Robin Brooks , The Portland Vase: The Extraordinary Odyssey of a Mysterious Roman Treasure

Nicky Trump

“Nicholas (the Second, Emperor of All Russias) reads the right wing press and he believes it.”

It’s another characteristically Russian story: Nicholas, in an effort to undermine the constitution he gave Russia to bring down the heat of the 1905 revolution, has thrown his support behind a right wing party, Union of the Russian People — a party, nota bene, organized by “minor government officials”, which is to say, possibly on orders from above. The government of his hand-picked Prime Minister, Stolypin, finances the party, and its various hangers on, to the tune of 3 million rubles a year. One of the activities of this party is to publish newspapers which rabidly attack all liberal politicians and their views (usually as “Judeo-masonic”). Nicholas reads this press and believes it. He orders his police to investigate the masons and the Jews.

This echoes today: Trump watches Fox TV and believes it. Putin names his party: United Russia.

Mikhail Zygar, The Empire Must Die: Russia’s Revolutionary Collapse, 1900 – 1917

Nonn erubescite, reges

Her wikipedia entry does not give us the vital statistics on Tatyana Troyanos, sadly. Was she really 6 foot 9 as she looks on stage next to her puny male partners? Did she really sport 44FF bra-size, as her voice suggests? Well, listen to her and hear for yourself, she would have had no trouble single-handedly holding up the whole Palais de Justice in Brussels, and putting all of Belgium’s caryatids out to pasture.

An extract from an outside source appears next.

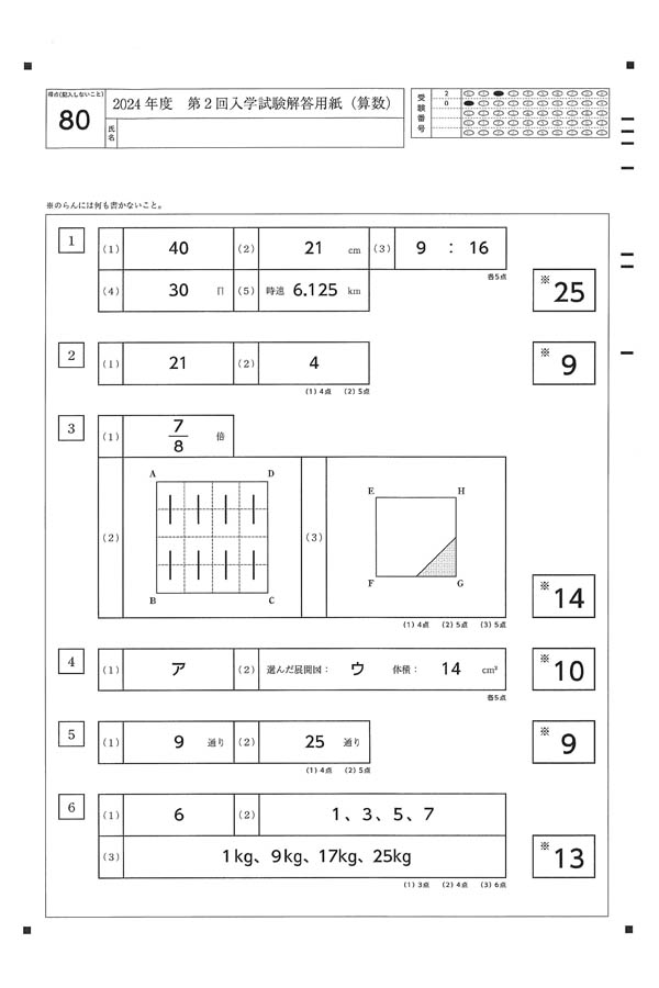 2024年度入試過去問題  第2回(算数 解答)(1ページ目)|晃華学園中学校の入試過去問

This performance of Stravinsky’s Oedipus Rex is surely its best ever, as is the case with almost anything the divine Claudio Abbado ever bothered to record; not only is the music the best, but so is its diction: prima la parola, goddamn it: hear and understand: ego subito pavisco, Iocasta, ego maxime pavisco! Sadly, there is no vision. If you want to see Tatyana sing it, here she is: it might even be a slightly better performance on her part.

But its most wonderful staging ever must be this. Small wonder: the most important artist in it turns out to be neither the conductor (who fails to deliver here his usual fascinating odd-ball wonder); nor the singers (the males are downright boring, Jessye Norman is both good and beautiful, but even she pales next to Tatyana, imho); nor the (really lousy) orchestra; but the choreographer, Julie Taymor. And no wonder: Julie has spent 4 years training in Japan and Java: she understands the magical, divinity-summoning, sympathetic power of theater – which is exactly how the Greeks used it. (Are all “primitive” minds similar? what does that even mean?)

See it. You must. After all, you simply must know how to say in Japanese “Rex peremptor regis est.” This question will be on the midterm exam.*

*Sploiler: Oou no geshunin oou

Lifting the veil on the genesis of great art

Brussels is full of gorgeous large women. As Rubens will tell you, they have rich, generous, ample bodies, powdery, clear, nearly transparent skin, blond feathery hair. They eat in fine restaurants, whispering sweet nothings to their ample boyfriends (“may we spend the next 30 years together eating this delicious food, my love!”)*; but also hold up every imaginable monument. I cannot recall that I have ever been to a city with quite so many caryatids.

The Royal Museum of Fine Arts casts all these wonders in an revealing light. Those gorgeous women? This is the kind of guy who has carved them.

*And boy is it good. Delicate, rich, complex. Belgian sense of feminine beauty has clearly been influenced by their cuisine: their fluffy, eggy mayonnaise; their vegetable-informed, delicately flavored head-cheese; their creamy, sweet beef tartar; their levitating Chantilly cream, lighter than air; and their delicious, gelatinous, trembling pancakes in brandy and butter flambé.